Let $f\in\mathbb{Z}[X]$ be a monic polynomial with $\text{deg}(f)=5$. Suppose that there exist a prime number $p$ and a finite field $F$ of order $p^2$ such that $f$ has no roots in $F$. Prove that $f$ is irreducible in $\mathbb{Z}[X]$.
I've been trying to prove this practice problem for a while now but I can't seem to really understand how to do it. If anyone can help me with this problem, it would be much appreciated.
Edit: This was just a practice problem from an old exam which had no answers. I really wasn't able to do that much of it myself. I went on on the wrong direction for a long time. Thanks for the help!
Let's do the contrapositive. Assume $f$ is reducible over $\mathbb{Z}$. If it has a root in $\mathbb{Z}$, then it has a root in $\mathbb{F}_p$ for every prime $p$, and therefore it has a root in every field of order $p^2$ (which contains the corresponding field of order $p$).
If $f$ is reducible over $\mathbb{Z}$ but has no roots, then it must be a product of an irreducible quadratic and an irreducible cubic (since $f$ has degree $5$).

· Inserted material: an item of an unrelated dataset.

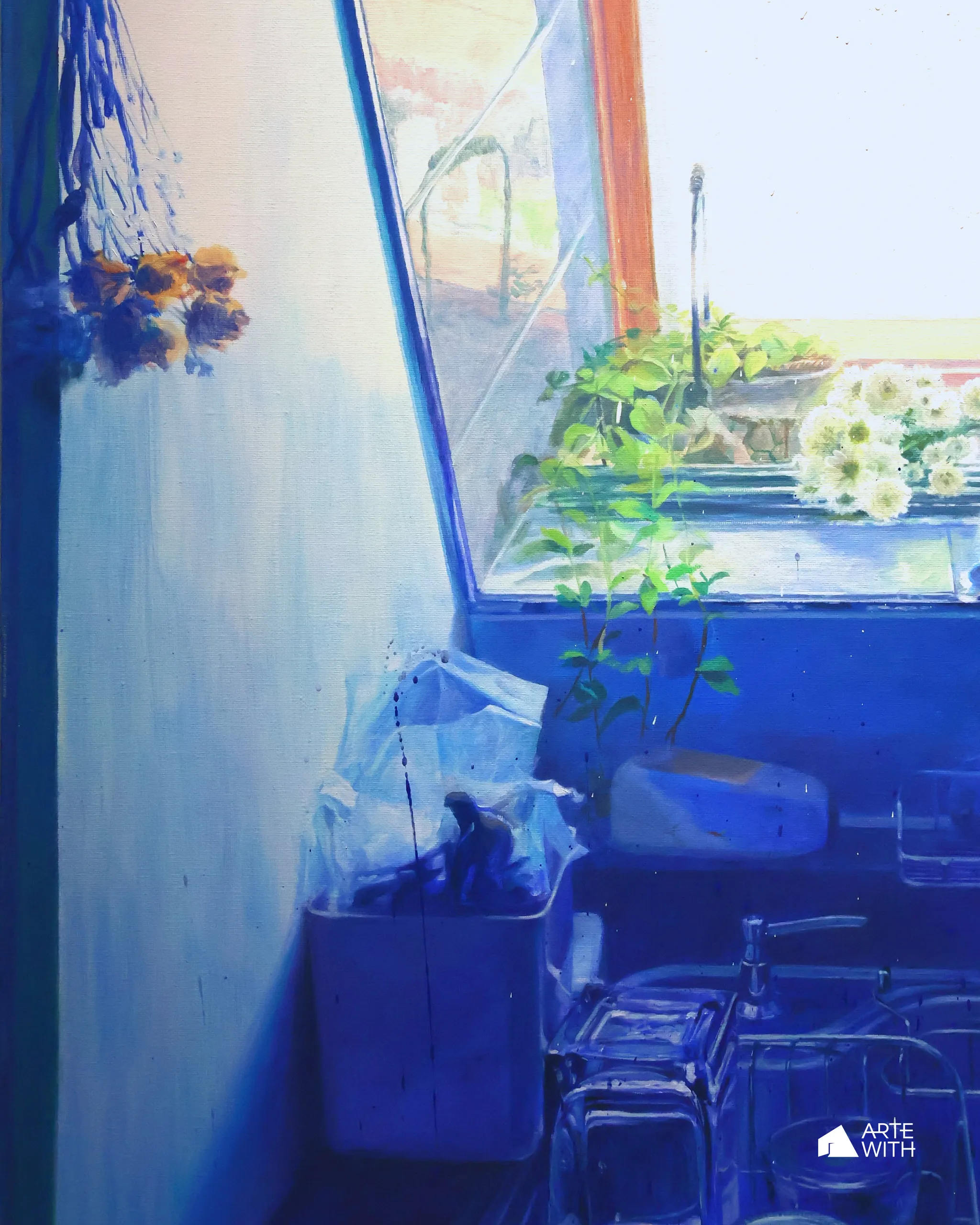 따라서 회화에서 상실과 발견은 분리되지 않는다. 놓쳤다는 인식과 비로소 보게 되었다는 감각은 동시에 발생하며 하나의 경험으로 겹쳐진다. 설거지는 아직 끝나지 않았고, 물기는 계속 마르고 있으며, 장면은 완결되지 않는다. 화면은 과거를 회상하지도 미래를 예고하지도 않는다. 오직 지금-여기에서 지속 중인 상태로 머문다. 관람자는 이해하거나 해석하기보다, 무엇을 보지 않고 지나쳐왔는지를 알아차리는 자리에 놓이게 되지 않을까.

If $p$ is a prime, then the reduction of $f$ will also be expressible as a product of a quadratic and a cubic; if either of them is reducible modulo $p$, then it has a root in $\mathbb{F}_p$, and therefore in the corresponding field of $p^2$ elements. Otherwise, both the quadratic and the cubic are irreducible. But an irreducible quadratic over $\mathbb{F}_p$ always has a root in the field of $p^2$ elements, so in this case, $f$ will also have a root in every field of order $p^2$.
Thus, if $f$ is reducible over $\mathbb{Z}$, then it has a root in every field of $p^2$ elements. By contrapositive, if there is a field with $p^2$ elements in which $f$ has no roots, then it must be irreducible over $\mathbb{Z}$.
The claim also holds for degrees less than $5$, but not for degree $6$, since the polynomial could factor into a product of two irreducible cubics, neither of which has roots modulo $p$ (and therefore neither has roots in the field with $p^2$ elements).